### WHAT YOU HAVE TO DO
The result should be a full, exact repeat of the entries, free of pictures.

__________

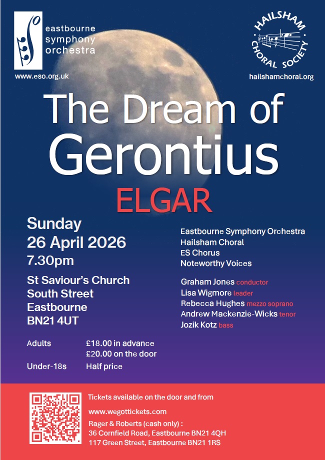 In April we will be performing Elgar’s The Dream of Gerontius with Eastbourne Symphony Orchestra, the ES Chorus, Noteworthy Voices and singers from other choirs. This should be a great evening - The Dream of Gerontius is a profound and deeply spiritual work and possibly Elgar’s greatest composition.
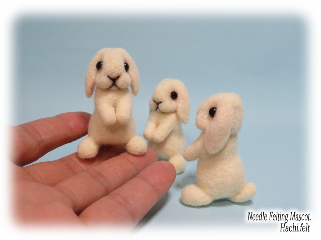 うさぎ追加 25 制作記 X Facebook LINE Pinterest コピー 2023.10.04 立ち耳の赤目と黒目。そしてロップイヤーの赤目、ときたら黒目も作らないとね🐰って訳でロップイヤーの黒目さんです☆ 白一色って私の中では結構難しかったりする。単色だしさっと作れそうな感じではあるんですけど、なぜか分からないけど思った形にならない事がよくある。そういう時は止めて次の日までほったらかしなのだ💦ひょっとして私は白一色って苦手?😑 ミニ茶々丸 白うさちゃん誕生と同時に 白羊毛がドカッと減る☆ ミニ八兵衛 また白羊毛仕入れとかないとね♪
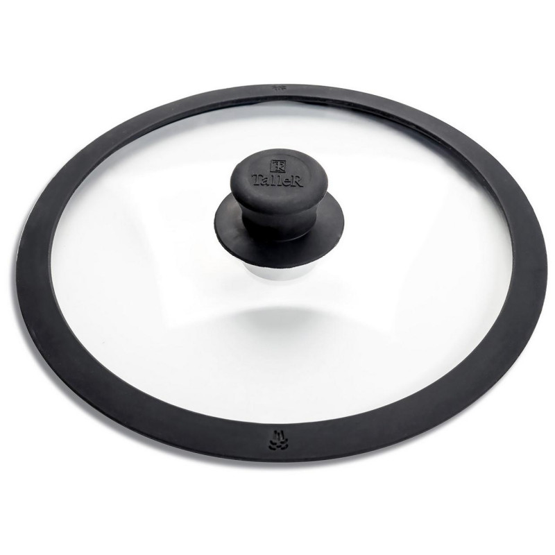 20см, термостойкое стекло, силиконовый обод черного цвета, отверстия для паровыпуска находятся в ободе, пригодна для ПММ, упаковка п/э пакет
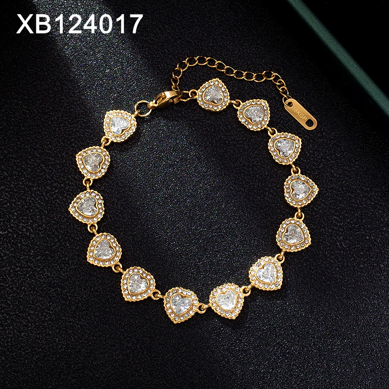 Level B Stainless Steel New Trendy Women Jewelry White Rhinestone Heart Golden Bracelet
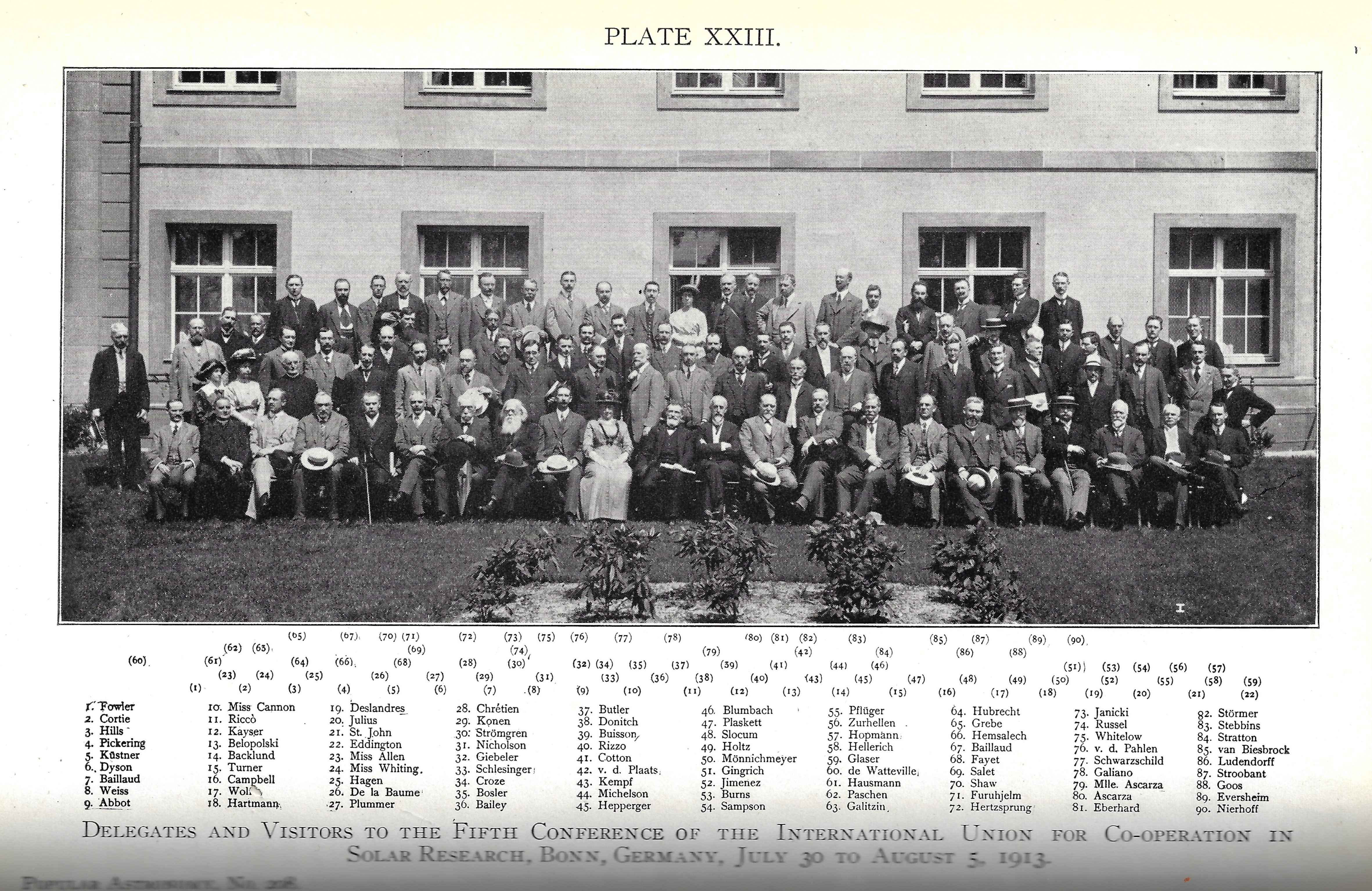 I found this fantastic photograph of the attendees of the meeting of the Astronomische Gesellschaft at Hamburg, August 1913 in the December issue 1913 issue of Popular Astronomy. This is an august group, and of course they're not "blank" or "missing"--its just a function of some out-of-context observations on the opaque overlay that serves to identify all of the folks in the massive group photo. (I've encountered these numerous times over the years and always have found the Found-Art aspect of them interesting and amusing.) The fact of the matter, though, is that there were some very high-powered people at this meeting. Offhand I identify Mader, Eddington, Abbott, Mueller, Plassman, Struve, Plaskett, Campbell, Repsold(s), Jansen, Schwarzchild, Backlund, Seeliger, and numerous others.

__________

### EXERCISE OUTPUT
 In April we will be performing Elgar’s The Dream of Gerontius with Eastbourne Symphony Orchestra, the ES Chorus, Noteworthy Voices and singers from other choirs. This should be a great evening - The Dream of Gerontius is a profound and deeply spiritual work and possibly Elgar’s greatest composition.
 うさぎ追加 25 制作記 X Facebook LINE Pinterest コピー 2023.10.04 立ち耳の赤目と黒目。そしてロップイヤーの赤目、ときたら黒目も作らないとね🐰って訳でロップイヤーの黒目さんです☆ 白一色って私の中では結構難しかったりする。単色だしさっと作れそうな感じではあるんですけど、なぜか分からないけど思った形にならない事がよくある。そういう時は止めて次の日までほったらかしなのだ💦ひょっとして私は白一色って苦手?😑 ミニ茶々丸 白うさちゃん誕生と同時に 白羊毛がドカッと減る☆ ミニ八兵衛 また白羊毛仕入れとかないとね♪
 20см, термостойкое стекло, силиконовый обод черного цвета, отверстия для паровыпуска находятся в ободе, пригодна для ПММ, упаковка п/э пакет
 Level B Stainless Steel New Trendy Women Jewelry White Rhinestone Heart Golden Bracelet
 I found this fantastic photograph of the attendees of the meeting of the Astronomische Gesellschaft at Hamburg, August 1913 in the December issue 1913 issue of Popular Astronomy. This is an august group, and of course they're not "blank" or "missing"--its just a function of some out-of-context observations on the opaque overlay that serves to identify all of the folks in the massive group photo. (I've encountered these numerous times over the years and always have found the Found-Art aspect of them interesting and amusing.) The fact of the matter, though, is that there were some very high-powered people at this meeting. Offhand I identify Mader, Eddington, Abbott, Mueller, Plassman, Struve, Plaskett, Campbell, Repsold(s), Jansen, Schwarzchild, Backlund, Seeliger, and numerous others.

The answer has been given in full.